An Active Forecast for Healthcare Enforcement

Here is a good summary of the state of affairs when it comes to healthcare fraud and compliance. The bottom line is it continues to be a high priority for government.

The highlights?

  1. Follow the money. For fiscal year 2015, Congress more than doubled the funding of the government’s Health Care Fraud and Abuse Control program to $672 million. The HCFAC, as it were, was created under HIPAA to join the Department of Justice and Department of Health and Human Services in leading efforts at all levels—federal, state, and local—to address healthcare fraud, waste, or abuse. The new funding means more money for agents, prosecutors, and data analytics, including predictive analytics, to help bring cases.
  2. Let the sunshine in.
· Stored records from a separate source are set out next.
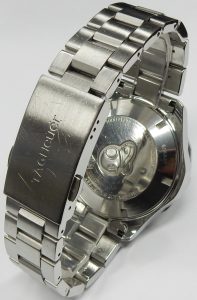 Sapphire crystal keeps that beautiful dial in sharp focus. There is a handy 31 day calendar that occupies the 3:00 o’clock position on the dial. The solid link bracelet comes with a mechanical locking buckle and diver extension.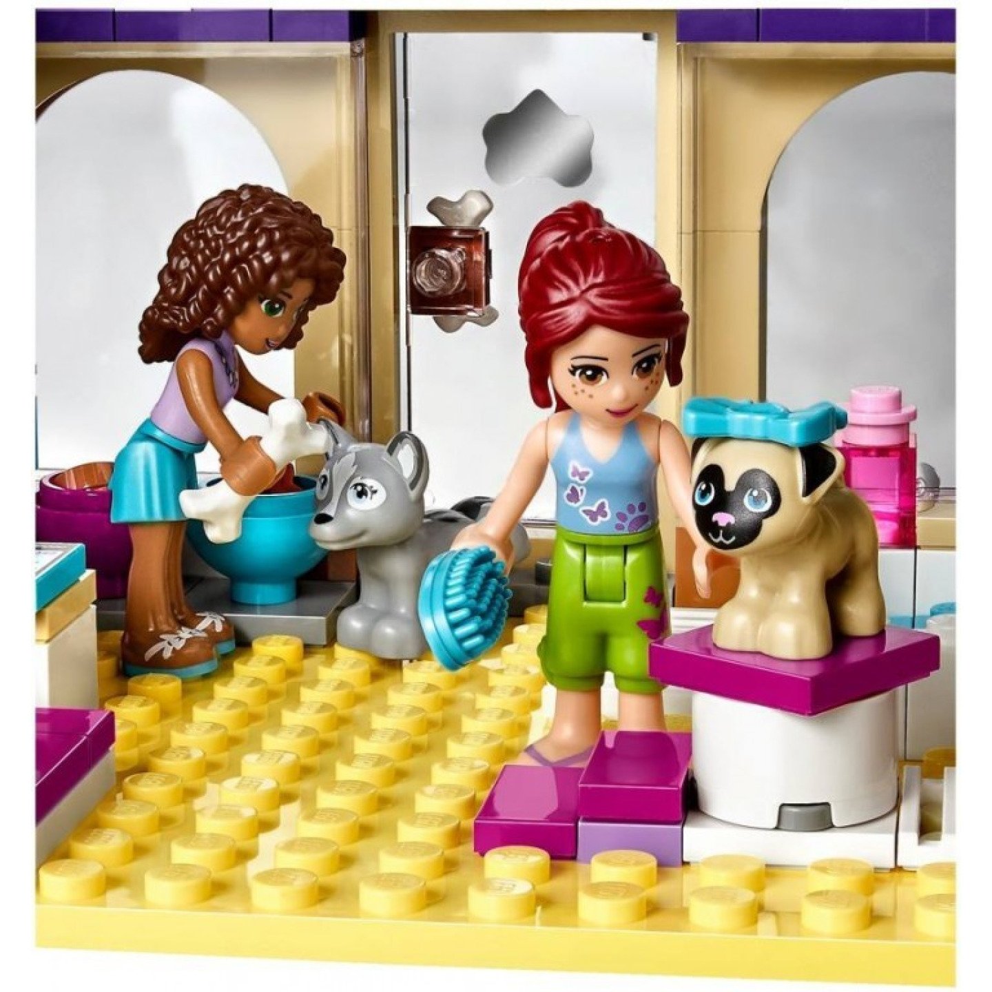 Všichni pejskové z městečka Heartlake si chodí rádi hrát do Andreiny a Miiny stanice pro péči o štěňátka. Probíhej s nimi překážkovou dráhou na zahradě - je to jako hřiště pro štěňátka! Zajdi dovnitř a pořádně ve vaně umyj fenku husky Lunu a mopslíka Toffeeho a potom o ně hezky pečuj. Potom se mohou najíst a odpočinout si ve svých speciálních pelíšcích, zatímco budeš v počítači přijímat nové rezervace. Obsahuje minifigurky-panenky Andrey a Miy, navíc psa husky a mopslíka. Obsahuje budovu péče o štěňátka v Heartlake s otevíracími dveřmi, vanou, stanicí pro česání, krmnou stanicí, psími pelíšky, prostorem pro krmení, prostorem kanceláře a malými dvířky pro psy do zahrady. Zahrada obsahuje překážkovou dráhu se 2 překážkami a otáčecí kolotoč, pódium a fontánu na pití. Mezi doplňky najdeš počítač, telefon, kartáč na česání, psí šampón, mašličky do vlasů, misky na krmení, psí suchary, kosti, požární hydrant, lopatu, kyblík, míček, hůl a trofej. Posaď pejsky před zrcadlo a pořádně o ně pečuj pomocí kartáče, šampónu a mašliček. Přijmi další rezervace a mluv se zákazníky přes počítač a telefon na stanici pro péči o štěňátka. Hraj si se štěňátky na otáčejícím se kolotoči a pomáhej jim přeskakovat překážky v překážkové dráze, aby cvičila. Stanice pro péči o štěňátka v Heartlake měří přes 9 cm na výšku, 19 cm na šířku a 12 cm do hloubky.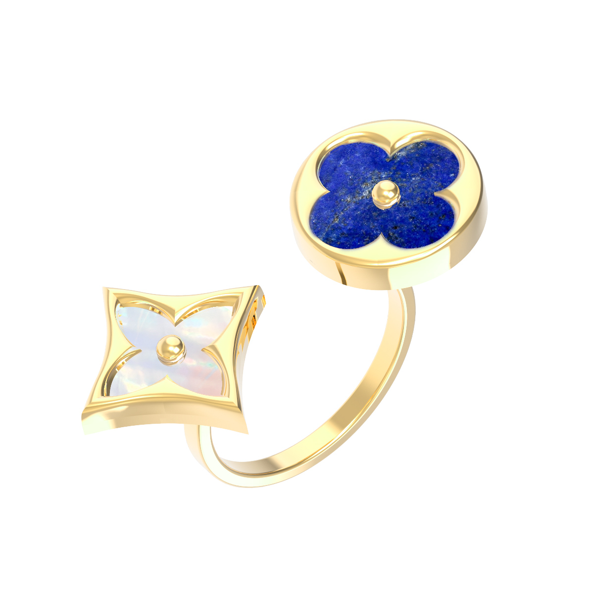 Кольцо из лимонного золота 585 пробы c лазуритом и перламутром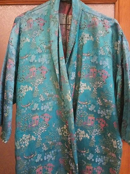 Прокат кимоно, вышивка натуральный шелк, цвет бирюза, передан на фото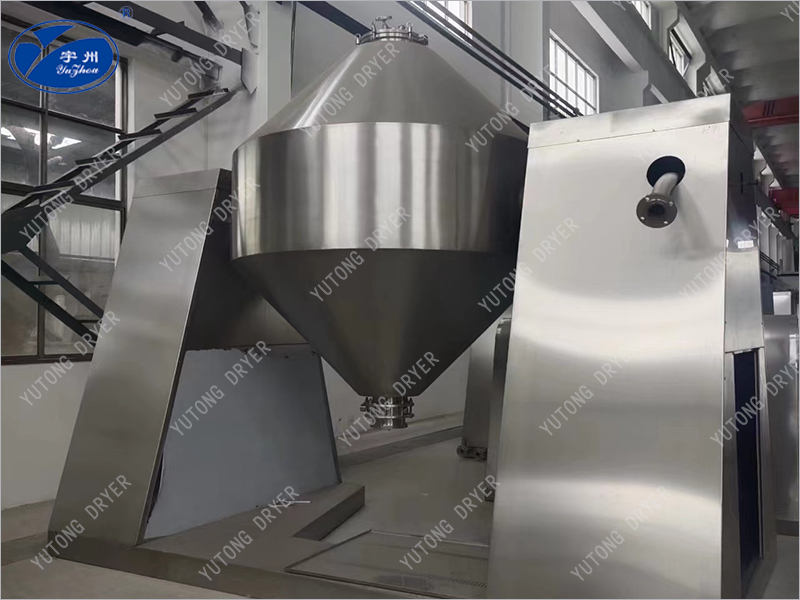 SZG系列雙錐回轉真空干燥機為雙錐形的回轉罐體,罐體在真空狀態下,向夾套內通入導熱油或熱水進行加熱,熱量通過罐體內壁與濕物料接觸。濕物料吸熱后蒸發的水汽或其他氣體,通過真空泵經真空排氣管被抽走。由于罐體內處于真空狀態,且罐體的回轉使物料不斷的上下,內外翻動,故加快了物料的干燥速度,提高干燥速率,達到均勻干燥的目的。
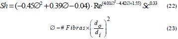 Se han realizado varios estudios para generar modelos con la finalidad de estimar el coeficiente (kp) por fuera de los fibras huecas -lado de la carcasa- (Wu et al., 2000; Gawronski, 2000; Lipnizki, 2001). Recientemente Thanedgunbaworn y cols. (2007b) desarrollaron una nueva expresión (22), con la cual lograron una mejor descripción del fenómeno, encontrando que el número de Reynolds es una función de la densidad de empaquetamiento ( Ø ).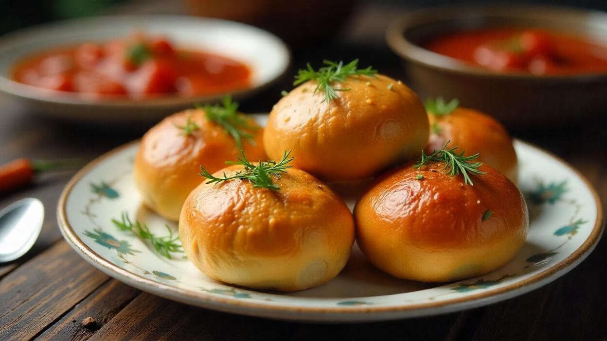 • Pampushky can be served not only with garlic dressing, but also with various sauces, such as sour cream or mushroom sauce.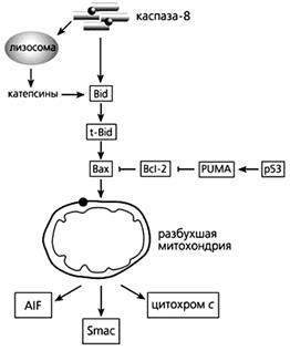 В запуске апоптоза, вызванного повреждениями ДНК, активацией онкогенов и гипоксией, принимает участие белок-53 (р53), взаимодействуя с Вах, стимулируя “рецепторы смерти” и апоптозные гены. р53 активирует модулятор суицида PUMA (p53 upregulated modulator of APOptosis), который затем связывает Bcl-2 и выводит из строя этот препятствующий апоптозу белок. Тем самым выход цитохрома с из митохондрий уже ничем не сдерживается.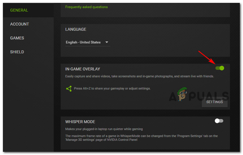 - Open GeForce Experience, go to General.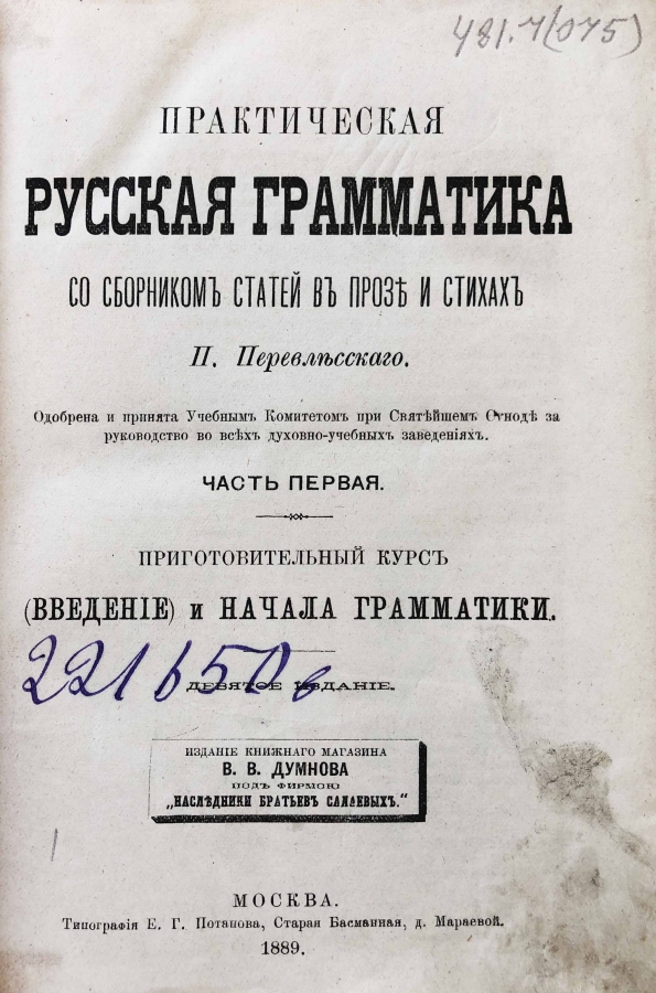 Москва: Издание книжного магазина В.В. Думнова под фирмою "Наследники братьевъ Салаевыхъ"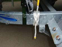 It’s worth the effort. See how to make the boom hitch. The line heading up from the boom hitch is the working end. The line hanging down is the port side tail. The yellow tape on the bottom of the tail protects the short tail from unraveling, which is now trimmed to 3 inches long. The yellow tape just above the boom hitch is on for reference. If I ever take the hitch off the trailer, the yellow reference tape shows me where to position the line so this end is long enough to make the same hitch again. IMPORTANT: The tail should not be more than 4 inches long and must not be able to reach moving parts of the trailer. If longer, the tail needs to be cut shorter or securely tied off somewhere not near any moving parts.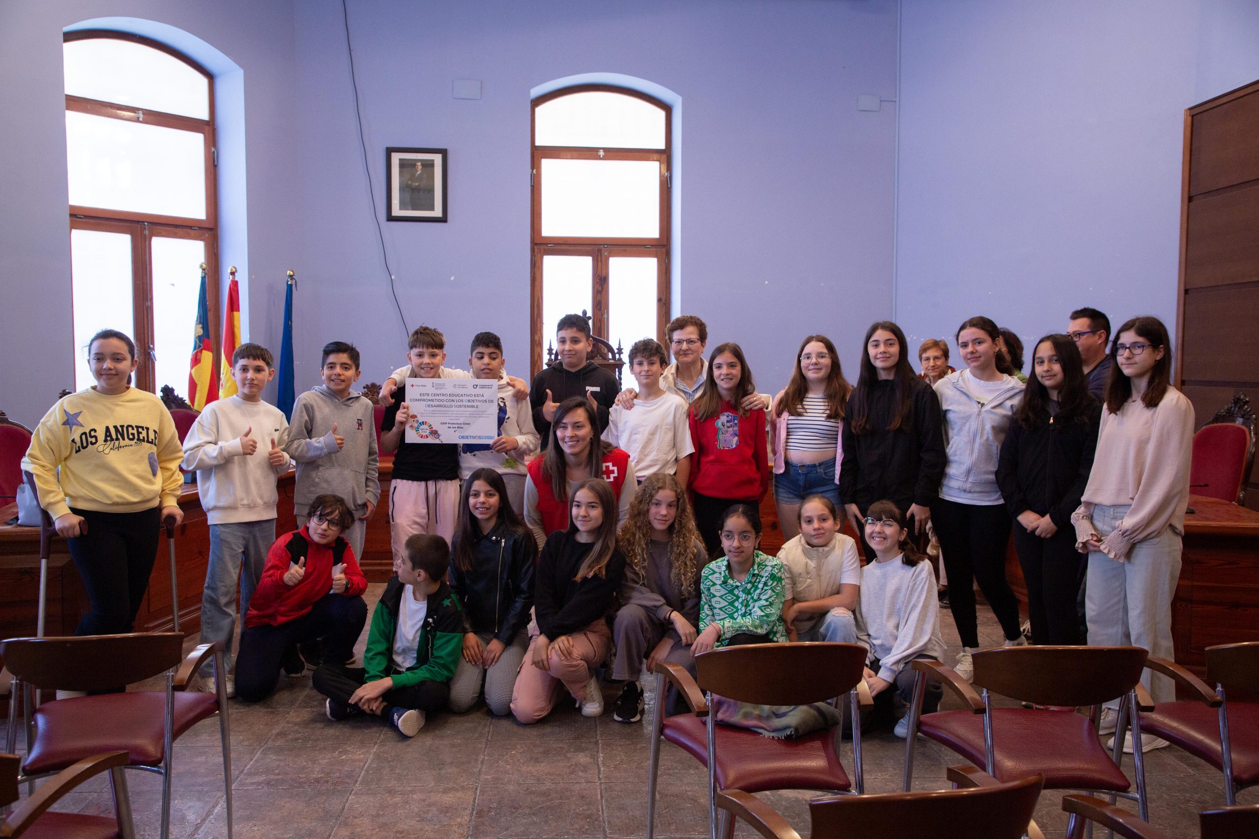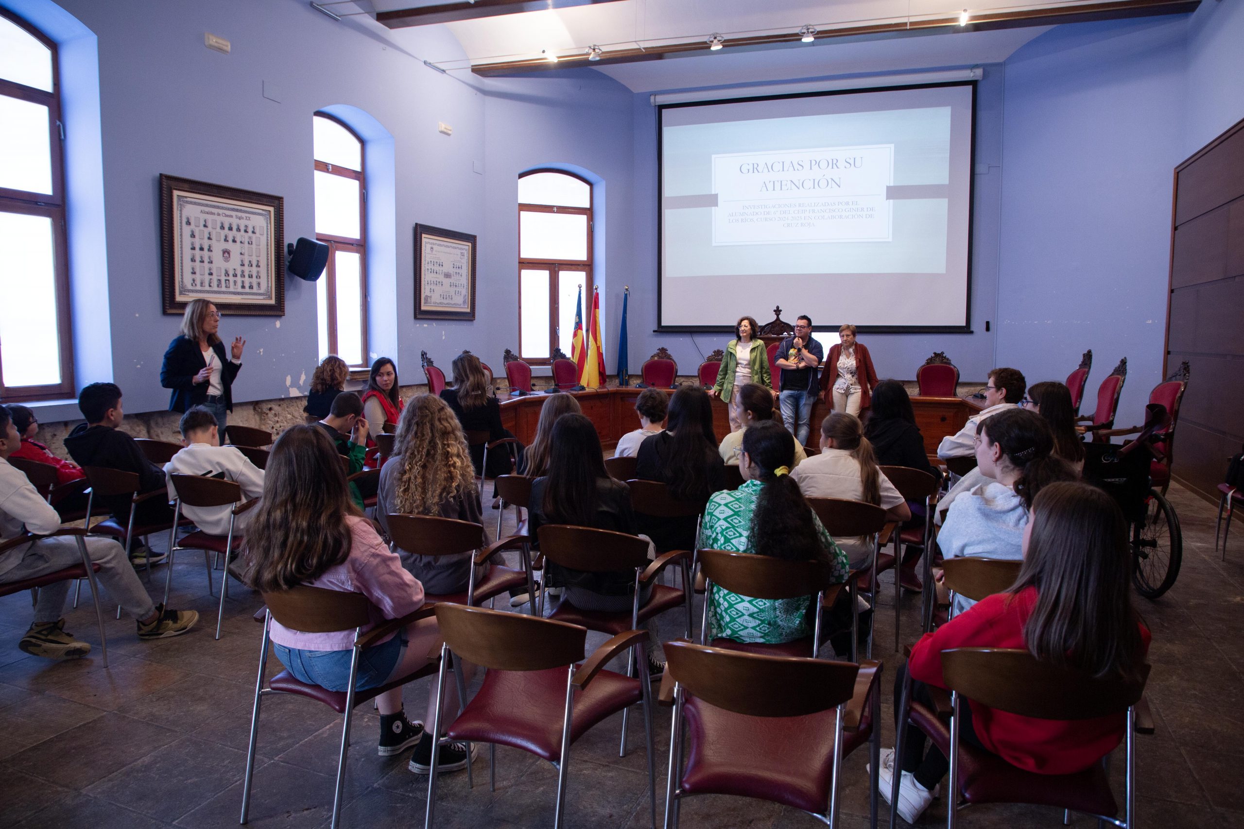 El pasado viernes, 9 de mayo, el alumnado de 6º de Primaria del CEIP Francisco Giner de Los Ríos acudió al salón de Plenos del Ayuntamiento para presentar ante algunos de los miembros del equipo de Gobierno cinco propuestas de actuación para mejorar Cheste, fundamentadas en las investigaciones realizadas en el marco del proyecto de Cruz Roja “Ciudad 11”, en el que el centro está participando.

It may not be the Age of Aquarius, but the Sunshine Act has spotlighted the relationships among physicians and vendors, and CMS has begun to publish Medicare claims and utilization data. It’s the dawning of a new world, and the greater scrutiny and transparency suggest greater activity to come by plaintiffs both public and private. Which brings us to the next point.
  3. Listen for the whistle. In 1987, there were 30 whistleblower lawsuits brought under the False Claims Act; since 2000, the number’s closer to 400 per year, and the past two years have seen more than 700 apiece. Meanwhile, the Justice Department announced last fall that the criminal division would automatically review new whistleblower lawsuits alongside the civil division rather than wait for the civil division to refer a case for prosecution. In other words, the filing of a whistleblower lawsuit now opens, in essence, a parallel civil-criminal investigation.